Christo’s art is “wrapping” things–buildings, coast lines, monuments, and more. In 1969, he wrapped the two-story Museum of Contemporary Art in Chicago and its lower-level gallery. My wife and I and our three daughters (ages 8, 6, 2) accepted the invitation to lie on the floor wrapped in canvas and roll around on it. We connected with this work of art. We’ve followed him ever since. You can see this at: http://christojeanneclaude.net/projects/wrapped-museum-of-contemporary-art-and-wrapped-floor-and-stairway.
On June 18, almost fifty years later, people walked on Christo’s monumental installation on Iseo Lake, 60 miles from Milan, Italy. Some 200,000 floating cubes create a runway nearly two miles long, connecting the village of Sulzano to the small island of Monte Isola on the lake, for a 16-day outdoor installation–entitled “Floating Piers.” See the photo above.
For me, the brilliance of the Christo and Jeanne-Claude (the art is a collaboration until her death in 2009) is the way they bring earthiness and transcendence together. What’s earthier than rolling around on a canvas covered floor? You feel the floor. You “see” the work of art with your whole body. The artists deny any deeper meaning to their work. They simply create for joy and beauty and offer new ways of seeing. But at the Museum, it wasn’t just a floor–it was a work of art. Artists invited us to roll on their creation!
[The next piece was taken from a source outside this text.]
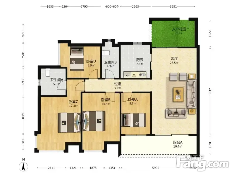 房屋拥有相对宽松的尺寸,布局通透,动静分离,设计豪华

Ever after, I realized that a museum is not just a place where we view art; the museum can itself be a work of art. The total experience transcends the act of viewing a canvas-covered floor, but the transcendence requires the rolling, the participation. And the 2 year-old participated as much as 40 year-old adults.
Art critic David Bourdon says that Christo’s wrappings are “revelation through concealment.” We have to discover what things really are–first encounters are not enough. Scientists know this very well. Meticulous, time-consuming experiments and observations pry open natural phenomena. Poets and novelists say the same thing: that they have to twist and squeeze words to discover their possibilities. Ursula Le Guin speaks of words as stones that the poet must chip away at in order to crack open their meaning.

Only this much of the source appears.